* [Provided material]

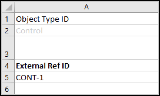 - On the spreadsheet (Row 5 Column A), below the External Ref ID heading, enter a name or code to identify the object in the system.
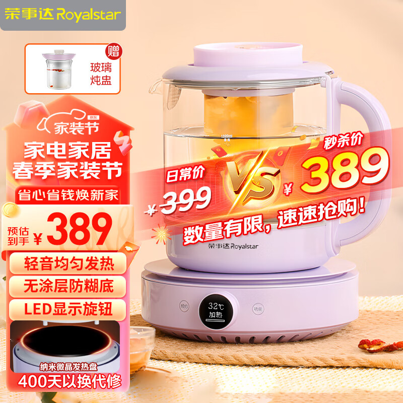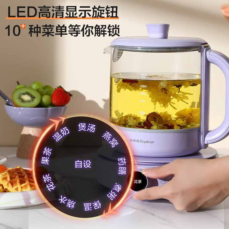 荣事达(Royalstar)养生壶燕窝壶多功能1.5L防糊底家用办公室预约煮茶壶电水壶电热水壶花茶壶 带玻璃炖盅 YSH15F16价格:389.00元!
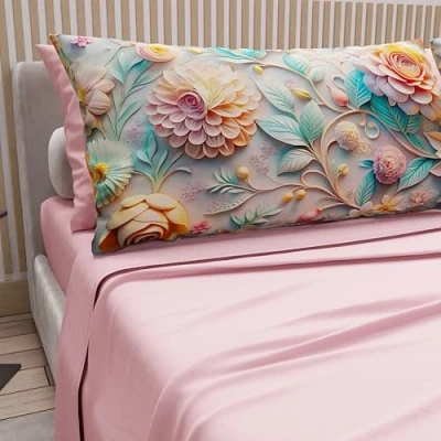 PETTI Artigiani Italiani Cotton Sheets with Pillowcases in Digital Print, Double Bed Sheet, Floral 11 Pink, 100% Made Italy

* [Requirement]
Please transcribe each line above exactly, but leave the images out.

* [Written answer]
 - On the spreadsheet (Row 5 Column A), below the External Ref ID heading, enter a name or code to identify the object in the system.
 荣事达(Royalstar)养生壶燕窝壶多功能1.5L防糊底家用办公室预约煮茶壶电水壶电热水壶花茶壶 带玻璃炖盅 YSH15F16价格:389.00元!
 PETTI Artigiani Italiani Cotton Sheets with Pillowcases in Digital Print, Double Bed Sheet, Floral 11 Pink, 100% Made Italy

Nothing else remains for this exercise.